__Problem__
What are the lines from the one with "Ok, one problem" through the end of the records below, written out exactly and without the pictures?

Start of Given records

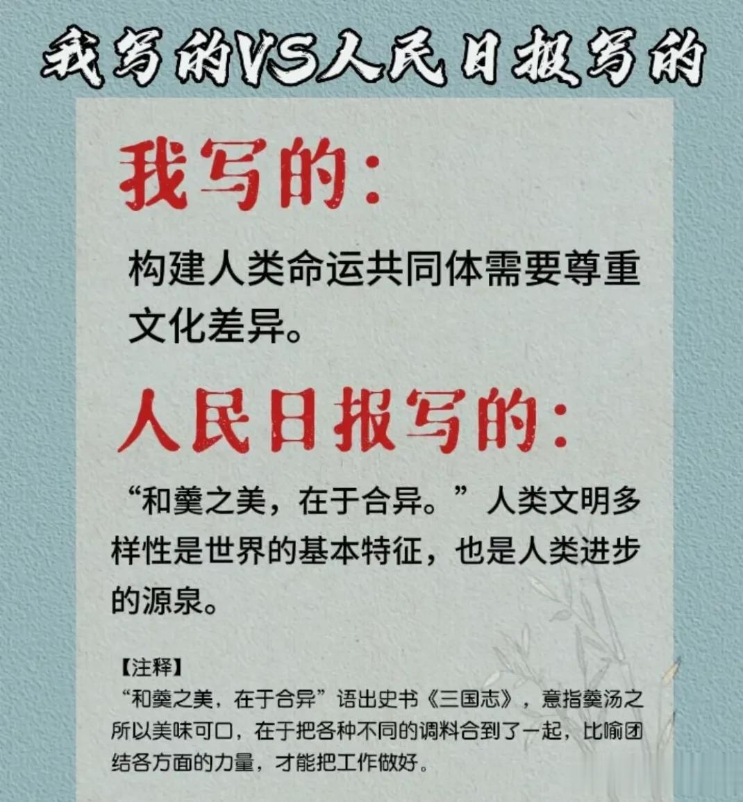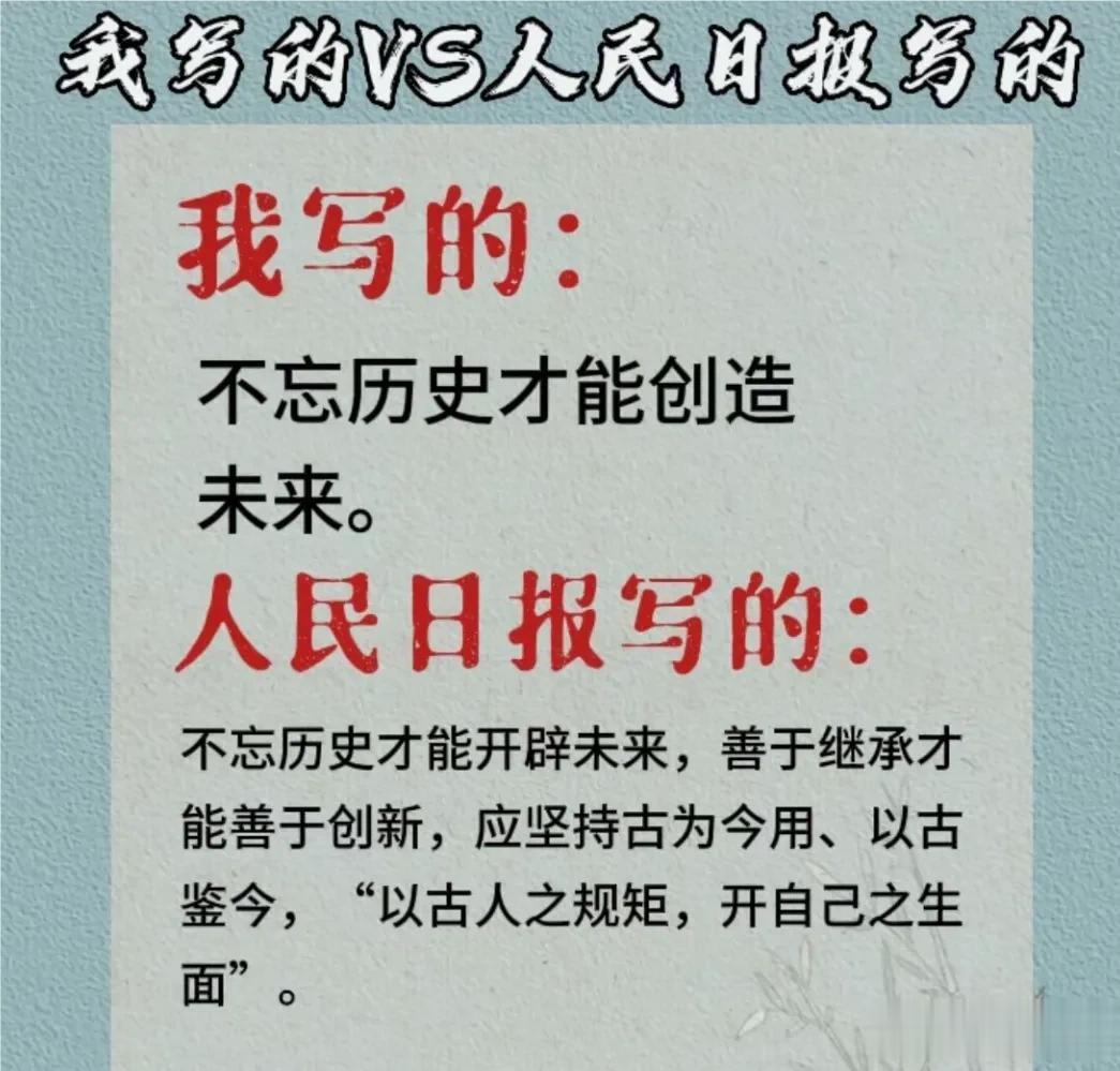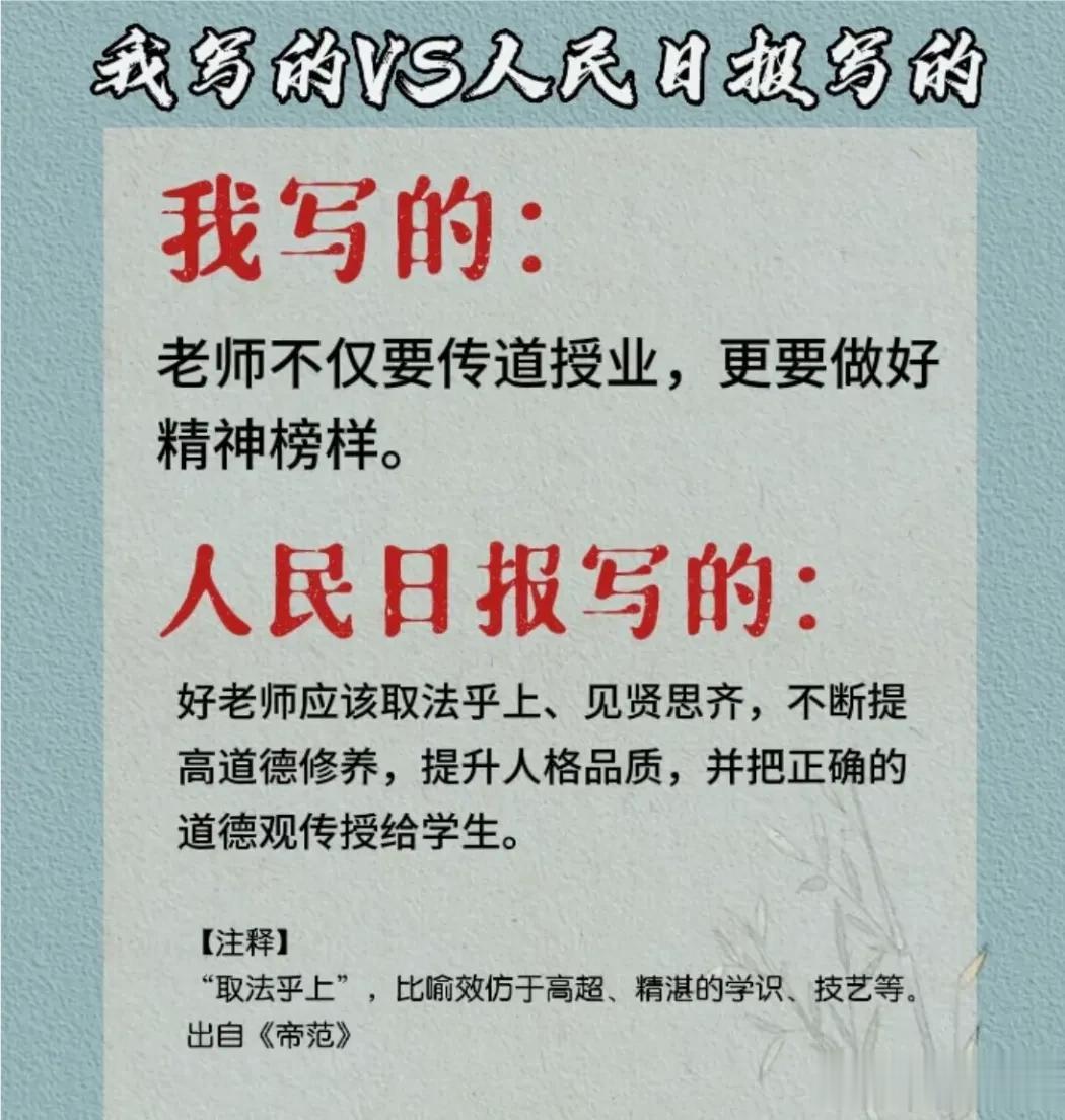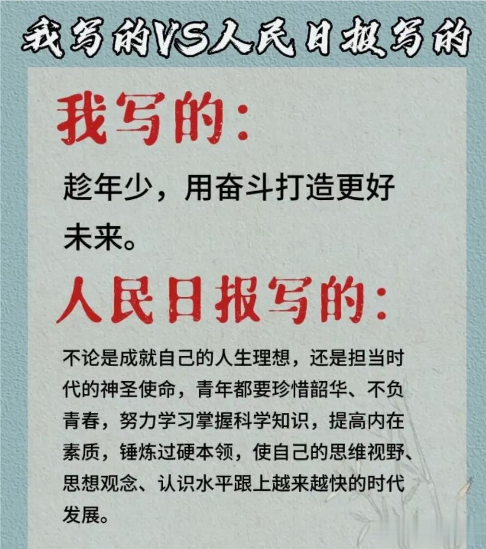 天哪!“写得太高级了”!不愧是学霸跟着人民日报仿写的,看完之后,简直太惊艳了,原来学霸的写作技巧是这样提升的![捂脸]真是后悔明白的太迟了! 人民日报的素材果然不一样,没事多背一背,写一写,能够很好的提升自己的文学素养。特别是词不达意,写作困难的孩子。 人民日报初高中写作技
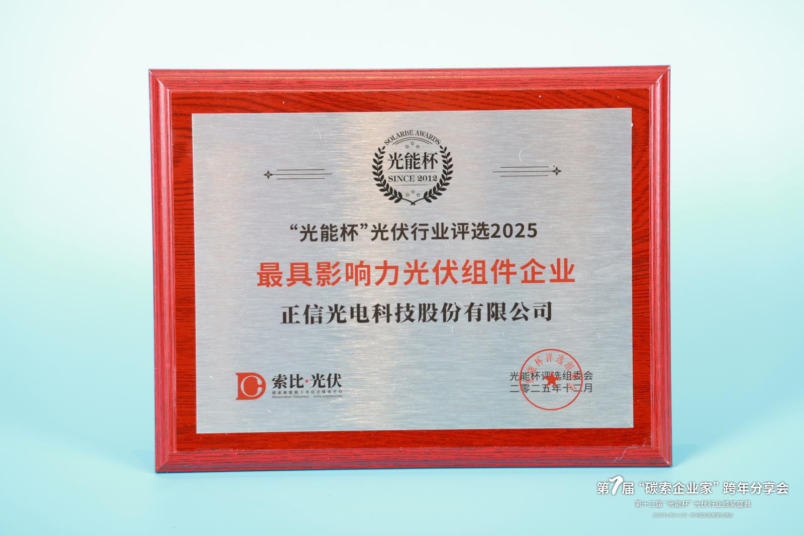 本届“光能杯”共有300余家光伏企业参与报名评选,角逐年度荣誉。此次颁奖盛典中,正信光电科技股份有限公司凭借强大创新力、出色的品质与服务、卓越的品牌影响力,荣膺2025年度最具影响力光伏组件企业。
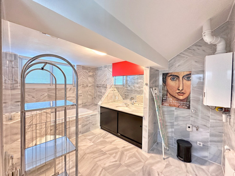 Geräumiges Badezimmer sowie ein zusätzliches WC
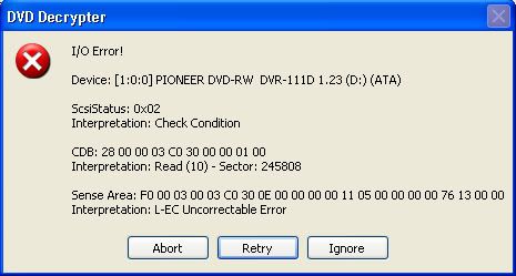 Ok, one problem though. I'm trying to rip all the backups from the Memorex DVDs in order to burn them to the Verbatim DVDs instead, but I'm getting an error every single time while ripping:
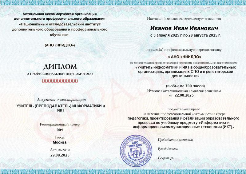 Студент, желающий поступить в АНО «НИИДПО», должен предоставить справку из образовательной организации. Независимо от срока окончания обучения по программе дополнительного образования, диплом о профпереподготовке выдаётся только после предъявления документа о получении среднего профессионального или высшего образования.
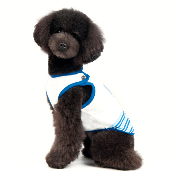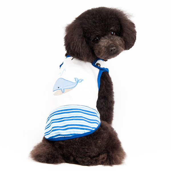 Multi blue striped tank with an adorable whale embroidered patch. 100% stretch cotton with convenient leash hole.
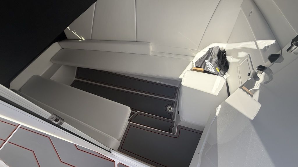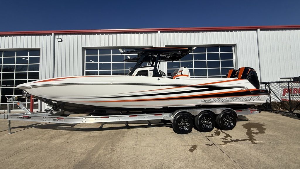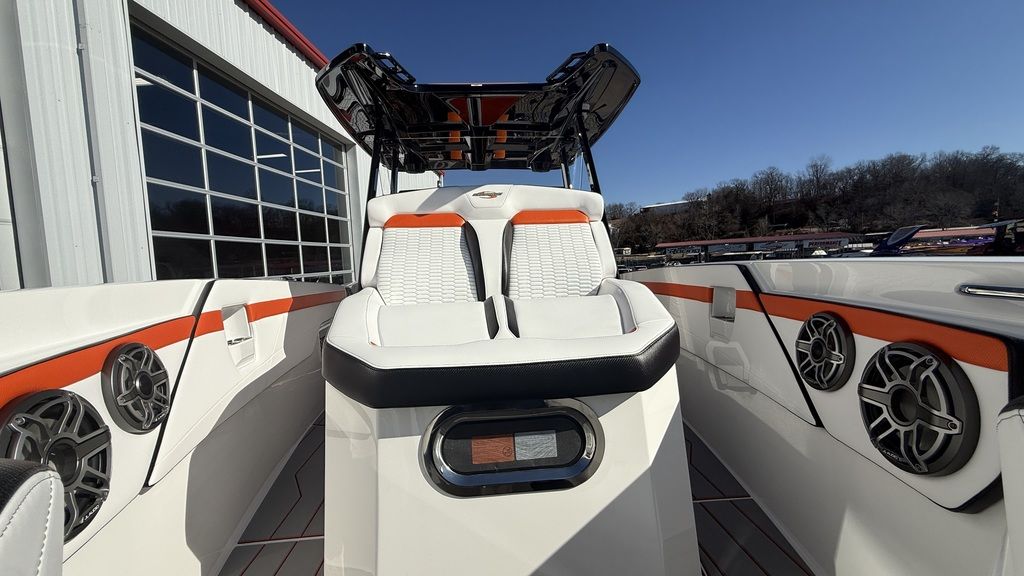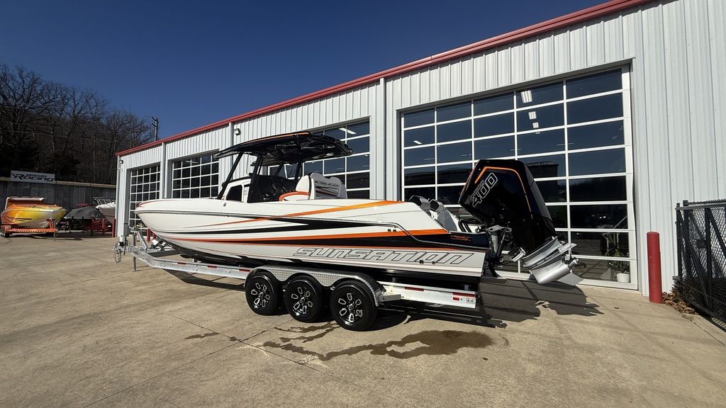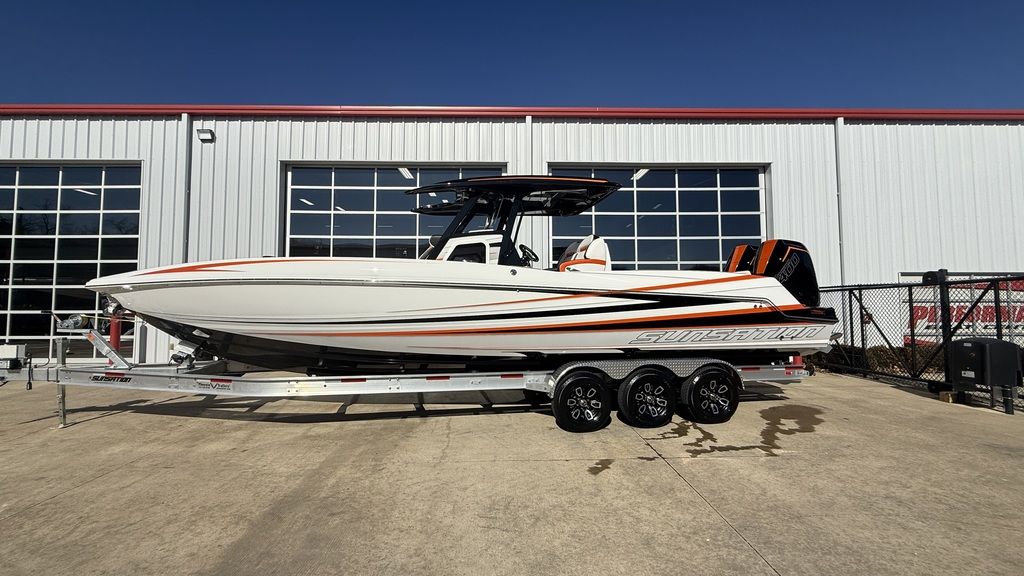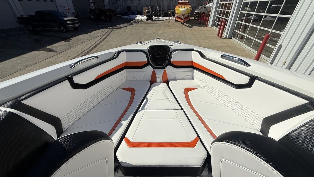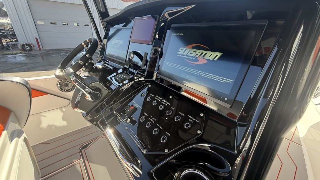 powered by twin Mercury Racing V10 400R V10'S. STANDARD EQUIPMENT; Additional battery with onboard charger and electric switch on dash, dual Garmin 8616s, Mercury Vessel View, Stage 2 JL Audio stereo upgrade with remote in bow, depth sounder, LED RGB color changing cockpit lights, Sea Deck flooring, Isotta steering wheel with tilt, LED trim tab indicators, Mercury Vessel View Garmin, pump out porta potty, and windlass anchor. OPTIONAL EQUIPMENT: Stage 2 stereo upgrade. White gelcoat on deck and modules, black dash, black hard top, Mitcher T custom paint, canvas package; includes TTop cover, and high pressure washdown. Trailer available, financing and transportation available.

End of Given records

__Task result__
 Ok, one problem though. I'm trying to rip all the backups from the Memorex DVDs in order to burn them to the Verbatim DVDs instead, but I'm getting an error every single time while ripping:
 Студент, желающий поступить в АНО «НИИДПО», должен предоставить справку из образовательной организации. Независимо от срока окончания обучения по программе дополнительного образования, диплом о профпереподготовке выдаётся только после предъявления документа о получении среднего профессионального или высшего образования.
 Multi blue striped tank with an adorable whale embroidered patch. 100% stretch cotton with convenient leash hole.
 powered by twin Mercury Racing V10 400R V10'S. STANDARD EQUIPMENT; Additional battery with onboard charger and electric switch on dash, dual Garmin 8616s, Mercury Vessel View, Stage 2 JL Audio stereo upgrade with remote in bow, depth sounder, LED RGB color changing cockpit lights, Sea Deck flooring, Isotta steering wheel with tilt, LED trim tab indicators, Mercury Vessel View Garmin, pump out porta potty, and windlass anchor. OPTIONAL EQUIPMENT: Stage 2 stereo upgrade. White gelcoat on deck and modules, black dash, black hard top, Mitcher T custom paint, canvas package; includes TTop cover, and high pressure washdown. Trailer available, financing and transportation available.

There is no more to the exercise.